La brisa nocturna acaricia mi rostro mientras observó como
la luz de la luna es eclipsada por los infinitos destellos que proyecta la
insomne ciudad. Mientras me encuentro apoyado en el reborde de la ventana
abierta de mi habitación oigo el leve susurro de la respiración de mi mujer
dormida ya en nuestra cama. Siempre me he gustado ese sonido, como una melodía
inconstante y extremadamente dulce que me recuerda que no estoy solo en la
oscuridad de la noche. Sonrío y pienso en lo afortunado que soy, en mis dos
maravillosos hijos que duermen en las habitaciones continuas y en la bastante
generosa oferta de trabajo que recibí la semana pasada. Todo marcha sobre
ruedas por fin, siempre he temido que nunca consiguiera alcanzar la felicidad
que ahora siento, que algo fallará irremediablemente y mi vida se fuera al
traste con la misma facilidad con la que el viento derrumba un castillo de
naipes. Sin embargo, ahora sé que esa felicidad era posible, que todo aquello
por lo que he luchado ha tenido su recompensa. Me acuesto al lado de mi mujer y
al apoyar la cabeza en la cama siento el cosquilleo de las largas hebras de su
moreno cabello que llegan hasta mi almohada. Su perfecto rostro yace dormido a
mi lado, con tal inocencia y belleza que casi temo perturbarlo cuando muevo las
sábanas para cubrirme. El tacto frío de
la almohada me produce un rápido escalofrío que sumerge todo mi cuerpo en un
placentero deliquio, mientras observo silenciosamente los delgados y delicados
labios de mi mujer. Cierro los ojos y dejo volar mi mente libremente mientras
mi consciencia si diluye poco a poco en la apacible oscuridad del sueño. Por
primera vez en mi vida no siento miedo.
Abro los ojos. La luz
del mediodía inunda la habitación mientras el bullicio de la calle se cuela por
la ventana y despeja mi aún adormecida mente. La boca me sabe amarga y
vuelvo a sentir la ligera pero
insistente presión en la sien que me acompaña cada mañana, como si una fuerza
invisible golpeara los laterales de mi cabeza. Suspiro y giro mi cabeza para
fijar la mirada en el blanco techo de mi habitación. La estoy esperando, como
cada día al despertar desde hace ya demasiado tiempo. Mi corazón empieza a
latir, primero suavemente, produciendo un extraño cosquilleo en mi pecho que
tensa mis músculos y me hace sentir inquieto. Después el latido se torna más
rápido, golpeando insistentemente mi esternón, como si dentro de mí alguien
intentará escapar de la prisión de carne y hueso que lo ata en mi interior.

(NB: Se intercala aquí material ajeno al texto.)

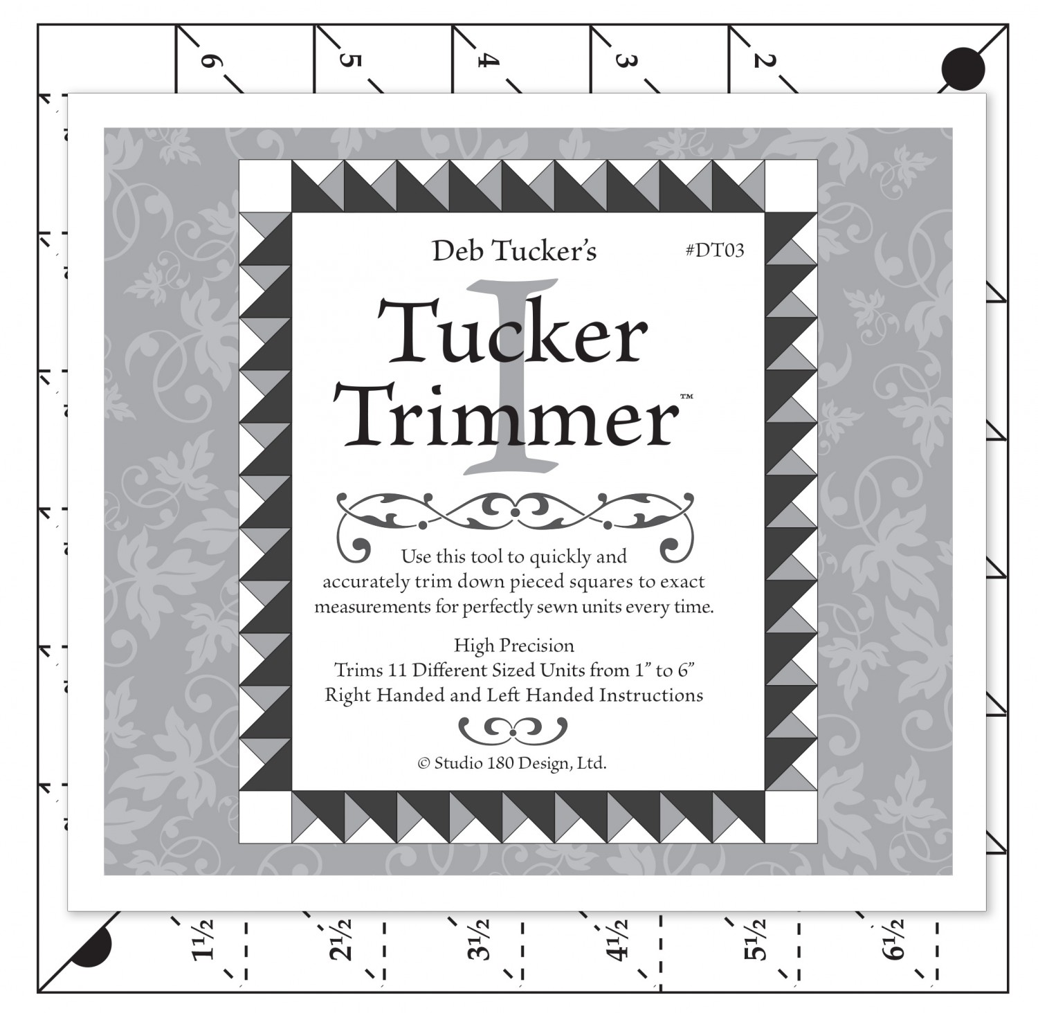 Beskrivelse The Tucker Trimmer tool was designed to help quilter’s quickly and easily trim down units that are made with triangles: half square triangle squares, quarter square triangle squares (hourglass units), and combinations of half square and quarter square triangle squares (combination units). It has multiple diagonals which allow you to align ruler guide lines with unit seam lines to quickly locate the exact center of pieced units. This makes trim down easy, precise, and perfect every time. No more figuring, or guessing, or struggling to find a center point. I use it for much more than just trimming however and consider it my “must have” tool every time I head to my cutting table. Color: Clear Made of: Acrylic Use: Quilting Template Size: 7in x 7in |

Vuelvo a suspirar y una sensación parecida al dolor se extiende desde la zona
pectoral a los más alejados puntos de mi ser, un latigazo que se propaga por
cada fibra de mi cuerpo. Está aquí, la ansiedad, supongo que podría llamarla
así, pero para mí ya no es una mera sensación, es un acompañante constante, una
llama inextinguible que arde en mi pecho y me quema las entrañas, o, como
pienso en algunas ocasiones dejándome llevar por mi lado más trágico y poético,
una maldición de la que llevo mucho tiempo intentando escapar. Siempre, antes
de que la ansiedad se asiente dentro de mí, antes siquiera de ser totalmente
consciente de donde estoy y quien soy realmente, en los primeros segundos
después de despertar, siento una calma total, como un recuerdo de aquellos días
en los la única sensación que albergaba era algo de sueño y las ganas de
empezar un nuevo día, una pureza antigua. Esos segundos se alargan las mañanas como ésta, después de
soñar algo tan dulce y tan aparentemente real como el rostro de aquella mujer
que ocupo mis sueños antes de que despertara. Se supone que ella era mi bella
esposa, que tenía dos hermosos hijos y un buen trabajo. Pero no eso lo que me
fascina realmente cuando tengo este tipo de sueños, no una onírica mujer ni la
ilusión de tener hijos a los que amar, lo que realmente me desgarra el alma
cuando el sueño termina y vuelvo a despertarme en mi vacía habitación es que,
por un momento, por un instante, volví a vivir sin miedo y, por un segundo, me
atreví a pensar que jamás volvería a tenerlo.